This past weekend was the first time in three years that the top four movies at the box office made more than $20 million: Sinners, Star Wars—Episode III: Revenge of the Sith, The Accountant 2, and A Minecraft Movie. Ryan Coogler’s Sinners may be the only non-sequel non-IP of the bunch—and Revenge of the Sith is from 2005—but it’s clear that, five years after the global coronavirus pandemic shuttered movie theaters for as long as 18 months, people still want to go to movie theaters. Across the board, all ages, all demographics, they want to go. So what’s the problem? You know: there’s nothing to see.
It’s nice that theatrical re-releases are having a comeback, even if it’s just Star Wars at the moment; but remember that the only reason this is happening is because people don’t own their movies anymore. Who knows what streaming service the Star Wars movies are locked away on? Disney+? I don’t know. I doubt most people check. I’d imagine those who were too young to see Revenge of the Sith in 2005 are getting a kick out of seeing a real blockbuster, something grand, in theaters; the reappraisal of the prequels is only baffling if you can forget how bad Hollywood movies have become in the last 20 years. Good luck—I can’t.

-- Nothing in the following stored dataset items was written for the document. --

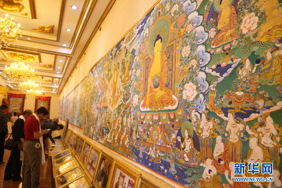 在龍樹(shù)花苑的展示大廳,游客正在觀(guān)賞展出的唐卡作品。新華網(wǎng) 卡婭梅朵攝
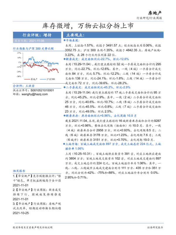 【华安证券】【20211108】房地产行业周报:库存微增,万物云拟分拆上市-17页
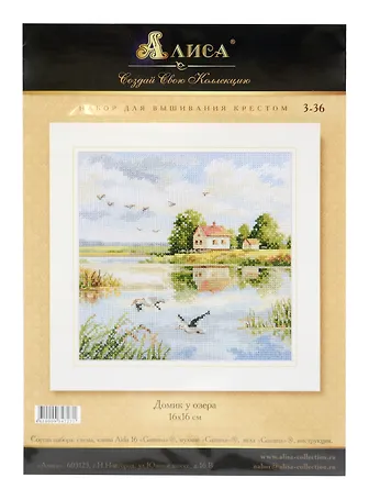 Набор для вышивания крестом "Домик у озера" 16х16см
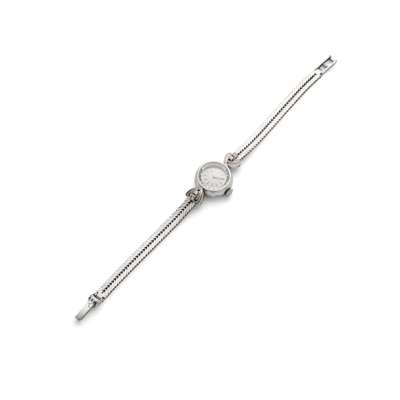 the circular dial with baton indicators, each shoulder set with two round brilliant-cut diamonds, to an integral woven strap and fold-over clasp, modelled in 18ct gold
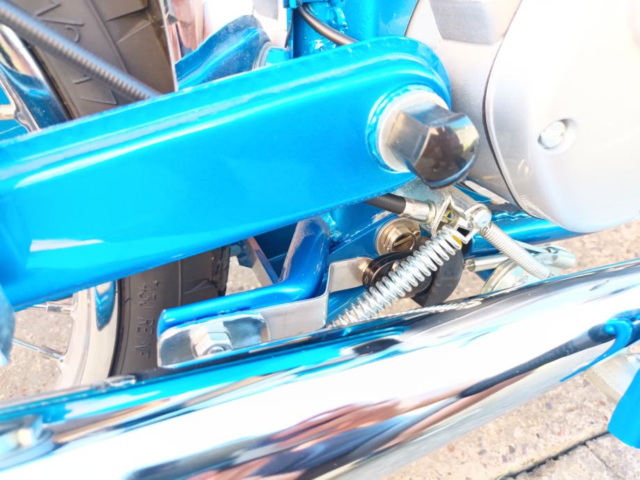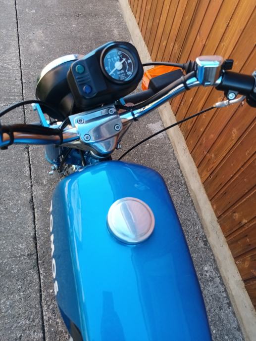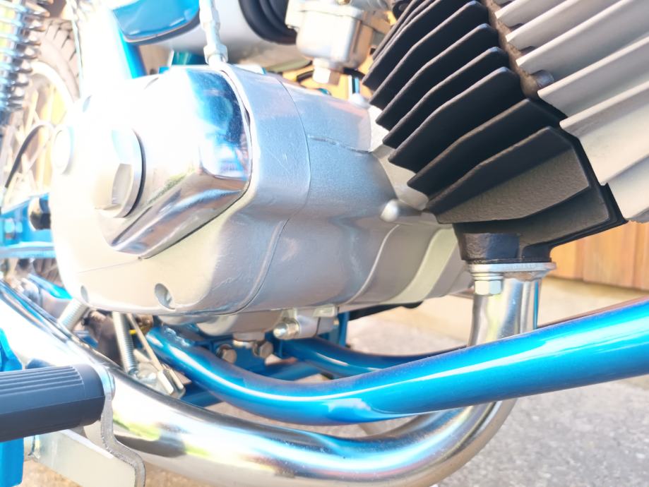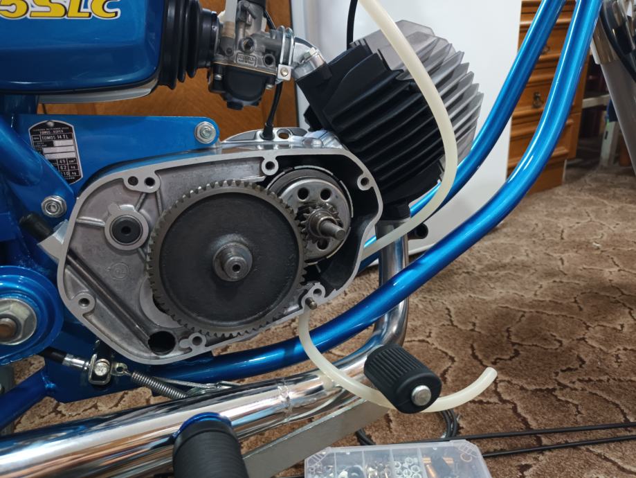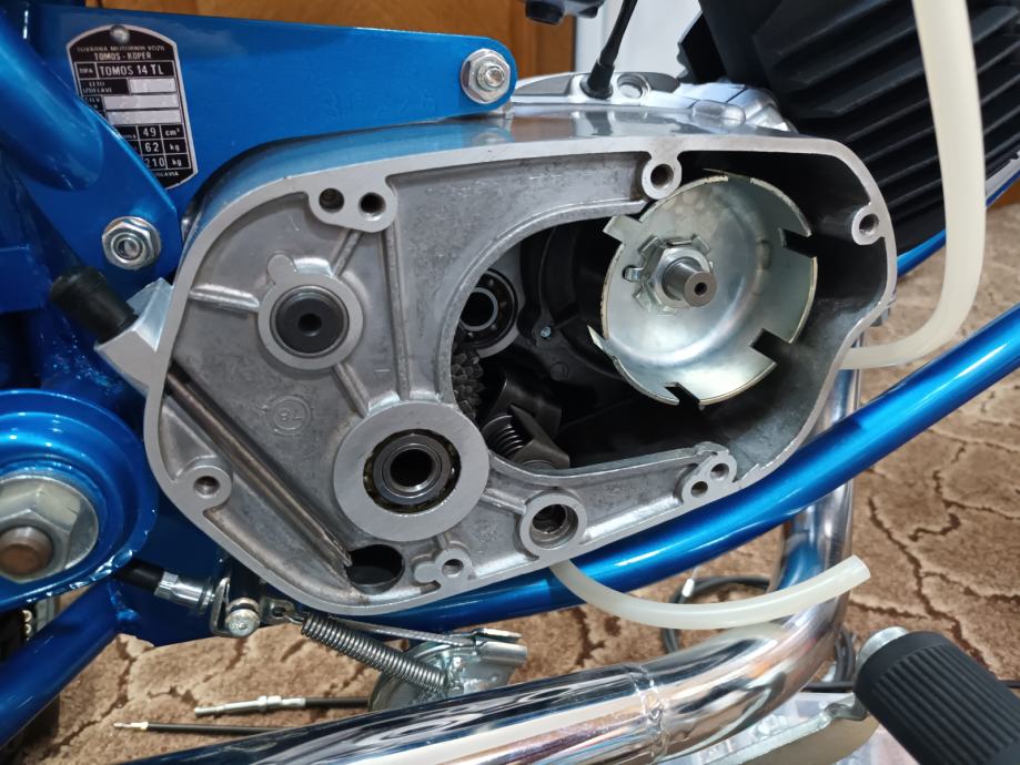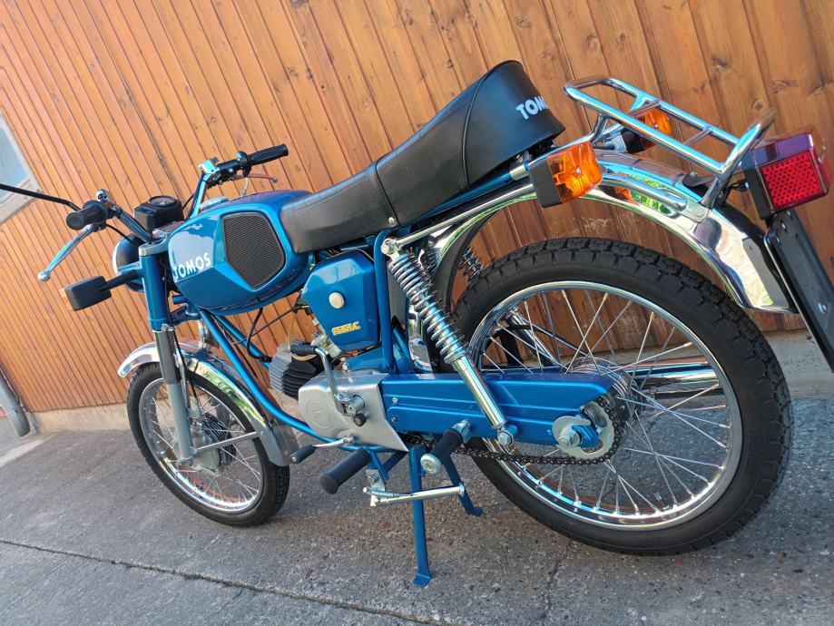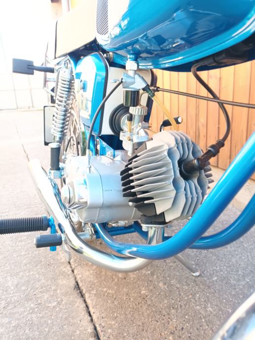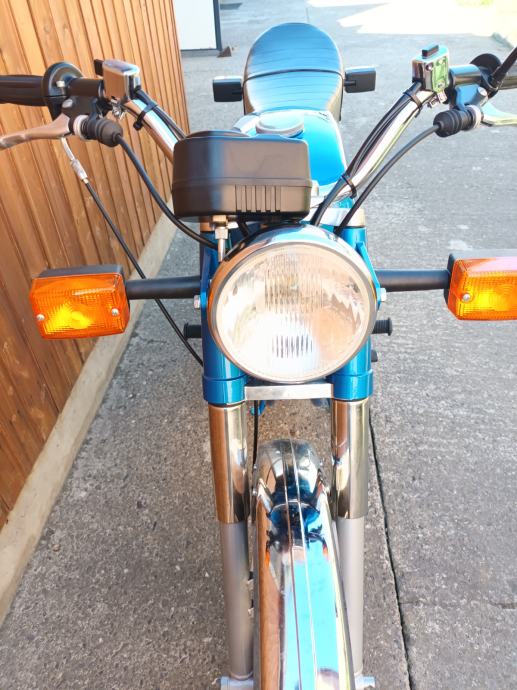 Tomos 14 TL kupljen od prvog vlasnika, sa knjižicom jamstvenog lista i prvog servisa iz 1979. godine. Motor je kao osnova za restauraciju bio jako uredan i originalno je sve bilo na njemu. Kompletno je pjeskaren, svi vijci (i navoji) temeljito pripremljeni i pocinčani, instalacija kompletno nova. Novi kromirani kvalitetni blatobrani, prednji far original Saturnus novi, bočni dekl paljenja u izuzetnom stanju kupljen, prednje vile T15 reparirane, prednji doboš od T15, cilindar od BT originalni, bušen na 39 mm, klip Vertex sa L karikom, originalna glava isto od BT-a, originalni Bing 18 karburator, rezervoar iznutra kao nov, Domino ručke u izuzetnom stanju bez luftova i nisu udarane i savijene, navlake za Domino ručke originalnog izgleda, originalan volan ponovno kromiran u Mađarskoj, ugrađeni žmigavci i originalno paljenje 12V 50W, prekidač stop svjetla originalan, sve nove sijalice, km sat, kučište km sata u neoštećenom stanju (nije ni sunca vidio) , kvalitetna km sajla nova. Brojevi na mašini, rami i pločici se poklapaju (original mašina), ugrađena 5. brzina, nova radilica CKR 12mm, svi ležaji, brtve i semerinzi u mašini i na kotačima novi. Uz motor dajem i njegove originalne prednje vile sastavljene i lakirane u istu boju, zadnji blatobran i nosače u boji te prednji blatobran u primeru. Motor lijepo radi, ima ler, odlično ide. Registriran je do 8.2025. na moje ime te je prijepis obvezan. Velika tablica (motocikl) kako se i vodi u papirima od prvog dana.

I went to a revival of Joseph Losey’s The Servant on Monday night at the Charles. It was a thin crowd, mostly older; a few rows in front of me, a pair of couples recognized each other, made pickleball plans, and, just as the movie was starting, talked about how they wanted to “come here” more often. “But you look at what’s playing and it’s just… not what we want to see.” I doubt they were as excited about Steven Soderbergh’s Black Bag as everyone else pretended they were, and I’m sure they don’t even know what A Minecraft Movie is. That’s okay: it’s a blessing that kids movies have remained one of the stalwart genres in American cinema, because that’s where people get the bug, a lifelong habit, a visceral sense that this—the film you are about to see—is bigger, deeper, and more expansive than anything you could see at home. “Magic” isn’t an inappropriate word.
Besides blink-and-you-miss-‘em theatrical windows (two weeks??!?!?!), misdirected advertising is what’s keeping more people from going to movie theaters. No one knows what’s coming out now because cable television collapsed, and social media is too wide and woolly to serve as a replacement. An under-discussed possibility is that because people aren’t going to movie theaters, they’re not seeing any trailers. Last year’s Fly Me to the Moon bombed so spectacularly that Apple decided to scrap any future theatrical runs for their original films. I knew Fly Me to the Moon was coming out because The Senator played the trailer regularly. But I was going to revivals last June, and the only new releases I saw around then were Kingdom of the Planet of the Apes and The Watchers. I doubt the pickleball couple had any interest in either. They like foreign films. Hey, me too.
In order to establish a healthier cinema, moviegoing habits must regular. There can be droughts, there always are: it’s called February. But the maintenance of the cinema as a place, a territory, is as important to its survival as the movies themselves, whether they’re great, good, or shit. Movies live and die in theaters, and when you stream them, when you play their discs, you’re looking at a postcard, an adequate facsimile of something that only exists when the lights go down. People remember what they see before a movie, if a trailer looks good; if it looks like shit, they’ll usually say so. Coogler’s Sinners is a major hit, its success bolstered by Coogler doing everything he can to educate the audience on IMAX, different formats, aspect ratios; even if the difference between “full frame” and 2:79:1 is an egghead concern, the word is out there. Someone is talking about a new movie. Hey, it looks kinda good. You know what? Let’s go.